(Dec. 14) Even postage stamps have succumbed to woke identity politics.

I walked into the post office this month to get multiple rolls of stamps for Christmas cards and for months to come. The first options offered by the clerk were particularly unattractive stamps featuring flowers — who knew flowers could be unattractive? — so I asked for basic American flags instead. Alas, said the clerk, for some reason their “system” would “not process” the American flag stamps.

“But we have John Lewis,” he said.

Now I revere the late civil rights leader and congressman so much that, although his political ideology differs substantially from mine, when I once saw him in the Atlanta airport I made a point of walking up and thanking him for his service. But I didn’t want a politician on stamps for Christmas cards, so I asked what else was available.

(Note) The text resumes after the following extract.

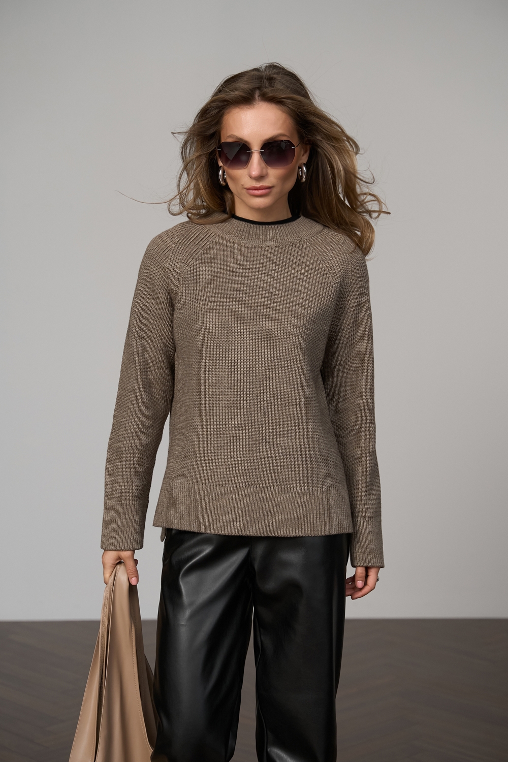 Затишний джемпер прямого силуету. Виготовлений із напіввовняної пряжі з фактурним плетенням.

Well, there are Kwanzaa stamps. Well, I’m all for Kujichagulia, but not for Christmas. OK, how about late, lefty Supreme Court Justice Ruth Bader Ginsburg? By now I was getting the picture. No American flags, but lots of left-wing icons and causes.

Sure enough, look at the post office’s website. Almost all the first-listed stamps, other than those featuring neutral images such as flowers, are tributes to trendy “identities” or to causes or people beloved by wokesters. Pinatas (Latino). Chief Standing Bear (indigenous). Illustrator Tomie dePaola (gay). Artist Roy Lichtenstein (avant-garde and flagrantly adulterous). Writer Toni Morrison (black). Women’s soccer (hates the anthem). Writer Ernest Gaines (black). Women cryptologists of World War II (women). Singer Pete Seeger (member of the Communist Party). Mariachi (Chicano).

Of course, some of these are well worth celebrating in their own rights. The worldview bias, though, is obvious. The fetishism of supposedly “othered” groups and causes runs rampant.

Well, as for me, I had gone into the post office wanting a basic, neutral American flag or some such, not a political statement. But as I kept declining each woke offering, my desire for neutrality abated. Finally the clerk offered me a stamp design created a full 17 months ago.

Quite hesitantly, he asked: “Nancy Reagan?”

I bought every last one in his drawer.